### About this task
Below are the entries; output exactly the lines from the one containing "Jüdischer Friedhof in" through the final line, inclusive.

────────────────────────────────────────

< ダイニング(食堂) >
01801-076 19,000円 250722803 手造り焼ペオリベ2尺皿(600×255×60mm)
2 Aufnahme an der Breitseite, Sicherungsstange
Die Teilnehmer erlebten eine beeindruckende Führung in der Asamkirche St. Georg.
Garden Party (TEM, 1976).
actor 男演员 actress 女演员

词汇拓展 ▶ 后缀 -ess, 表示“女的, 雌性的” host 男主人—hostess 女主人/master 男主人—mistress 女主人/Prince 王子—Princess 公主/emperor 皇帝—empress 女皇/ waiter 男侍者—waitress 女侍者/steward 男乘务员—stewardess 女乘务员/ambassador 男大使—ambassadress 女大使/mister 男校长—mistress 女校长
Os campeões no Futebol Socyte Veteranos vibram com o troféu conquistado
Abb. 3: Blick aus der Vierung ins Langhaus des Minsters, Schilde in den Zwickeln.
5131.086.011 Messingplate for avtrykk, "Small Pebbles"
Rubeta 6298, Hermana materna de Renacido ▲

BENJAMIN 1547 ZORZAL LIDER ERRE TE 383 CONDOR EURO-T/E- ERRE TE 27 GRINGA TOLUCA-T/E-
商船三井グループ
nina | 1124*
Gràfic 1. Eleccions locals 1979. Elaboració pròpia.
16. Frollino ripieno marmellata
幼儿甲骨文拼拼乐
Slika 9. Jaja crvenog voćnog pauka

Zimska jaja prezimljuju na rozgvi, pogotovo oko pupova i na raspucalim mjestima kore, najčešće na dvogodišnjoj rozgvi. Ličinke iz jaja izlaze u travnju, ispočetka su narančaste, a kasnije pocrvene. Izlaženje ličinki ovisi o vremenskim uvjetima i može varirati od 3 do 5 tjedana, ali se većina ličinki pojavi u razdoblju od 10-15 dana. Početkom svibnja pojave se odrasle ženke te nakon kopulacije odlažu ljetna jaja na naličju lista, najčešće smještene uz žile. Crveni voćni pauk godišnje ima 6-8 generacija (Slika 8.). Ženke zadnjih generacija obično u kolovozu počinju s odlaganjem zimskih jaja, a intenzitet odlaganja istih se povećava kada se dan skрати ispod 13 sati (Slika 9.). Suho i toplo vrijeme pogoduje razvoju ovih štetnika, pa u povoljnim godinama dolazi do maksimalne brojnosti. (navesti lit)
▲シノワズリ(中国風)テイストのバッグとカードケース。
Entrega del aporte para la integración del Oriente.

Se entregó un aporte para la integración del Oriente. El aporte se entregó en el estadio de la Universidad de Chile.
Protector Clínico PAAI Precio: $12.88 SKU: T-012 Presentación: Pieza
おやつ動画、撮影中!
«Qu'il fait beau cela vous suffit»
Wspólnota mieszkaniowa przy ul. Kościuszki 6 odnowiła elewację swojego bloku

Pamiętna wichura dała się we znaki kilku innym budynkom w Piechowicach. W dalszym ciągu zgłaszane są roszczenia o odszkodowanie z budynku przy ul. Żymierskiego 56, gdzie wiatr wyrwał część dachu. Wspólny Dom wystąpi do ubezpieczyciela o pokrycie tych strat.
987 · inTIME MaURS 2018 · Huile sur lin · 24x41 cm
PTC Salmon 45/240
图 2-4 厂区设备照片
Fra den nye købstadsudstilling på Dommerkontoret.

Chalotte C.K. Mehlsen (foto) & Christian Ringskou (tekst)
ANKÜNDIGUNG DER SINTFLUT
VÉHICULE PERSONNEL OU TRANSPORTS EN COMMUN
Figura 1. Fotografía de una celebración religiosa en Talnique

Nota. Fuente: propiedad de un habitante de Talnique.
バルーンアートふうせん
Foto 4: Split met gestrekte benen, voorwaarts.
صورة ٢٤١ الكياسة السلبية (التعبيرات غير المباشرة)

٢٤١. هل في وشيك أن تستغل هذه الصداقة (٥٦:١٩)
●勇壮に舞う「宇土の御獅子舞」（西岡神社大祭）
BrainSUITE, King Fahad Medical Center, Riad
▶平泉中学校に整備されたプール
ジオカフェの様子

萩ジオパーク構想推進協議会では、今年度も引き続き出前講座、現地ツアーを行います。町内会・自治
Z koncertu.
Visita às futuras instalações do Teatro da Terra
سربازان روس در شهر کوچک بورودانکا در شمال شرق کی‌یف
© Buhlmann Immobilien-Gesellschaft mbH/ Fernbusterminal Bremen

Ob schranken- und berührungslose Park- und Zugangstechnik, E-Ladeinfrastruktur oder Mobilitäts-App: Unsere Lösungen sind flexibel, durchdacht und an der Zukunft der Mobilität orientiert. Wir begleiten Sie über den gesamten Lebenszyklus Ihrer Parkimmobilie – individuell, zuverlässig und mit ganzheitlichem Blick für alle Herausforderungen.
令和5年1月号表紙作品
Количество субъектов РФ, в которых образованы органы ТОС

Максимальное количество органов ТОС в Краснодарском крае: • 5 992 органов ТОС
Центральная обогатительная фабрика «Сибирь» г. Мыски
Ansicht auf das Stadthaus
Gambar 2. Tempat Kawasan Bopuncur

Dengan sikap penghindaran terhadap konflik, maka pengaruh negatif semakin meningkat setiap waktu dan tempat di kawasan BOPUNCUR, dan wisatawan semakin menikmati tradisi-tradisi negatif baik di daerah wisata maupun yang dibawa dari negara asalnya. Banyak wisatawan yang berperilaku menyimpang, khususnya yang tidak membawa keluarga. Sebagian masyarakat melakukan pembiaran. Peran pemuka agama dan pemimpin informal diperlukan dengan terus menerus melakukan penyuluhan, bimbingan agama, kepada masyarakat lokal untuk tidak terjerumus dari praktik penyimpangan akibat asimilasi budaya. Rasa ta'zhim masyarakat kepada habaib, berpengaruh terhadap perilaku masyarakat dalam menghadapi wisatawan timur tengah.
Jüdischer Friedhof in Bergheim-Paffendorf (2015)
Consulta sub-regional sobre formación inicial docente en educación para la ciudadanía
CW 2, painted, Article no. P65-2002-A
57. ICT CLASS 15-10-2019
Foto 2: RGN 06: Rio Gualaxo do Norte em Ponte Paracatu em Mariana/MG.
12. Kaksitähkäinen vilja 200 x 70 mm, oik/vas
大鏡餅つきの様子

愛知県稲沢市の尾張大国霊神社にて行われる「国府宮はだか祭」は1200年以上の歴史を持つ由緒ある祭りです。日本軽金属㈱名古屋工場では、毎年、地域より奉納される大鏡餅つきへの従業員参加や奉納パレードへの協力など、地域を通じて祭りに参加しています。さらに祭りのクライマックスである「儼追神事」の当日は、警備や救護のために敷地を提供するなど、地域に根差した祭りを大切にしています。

────────────────────────────────────────

### Reply
Jüdischer Friedhof in Bergheim-Paffendorf (2015)
Consulta sub-regional sobre formación inicial docente en educación para la ciudadanía
CW 2, painted, Article no. P65-2002-A
57. ICT CLASS 15-10-2019
Foto 2: RGN 06: Rio Gualaxo do Norte em Ponte Paracatu em Mariana/MG.
12. Kaksitähkäinen vilja 200 x 70 mm, oik/vas
大鏡餅つきの様子

愛知県稲沢市の尾張大国霊神社にて行われる「国府宮はだか祭」は1200年以上の歴史を持つ由緒ある祭りです。日本軽金属㈱名古屋工場では、毎年、地域より奉納される大鏡餅つきへの従業員参加や奉納パレードへの協力など、地域を通じて祭りに参加しています。さらに祭りのクライマックスである「儼追神事」の当日は、警備や救護のために敷地を提供するなど、地域に根差した祭りを大切にしています。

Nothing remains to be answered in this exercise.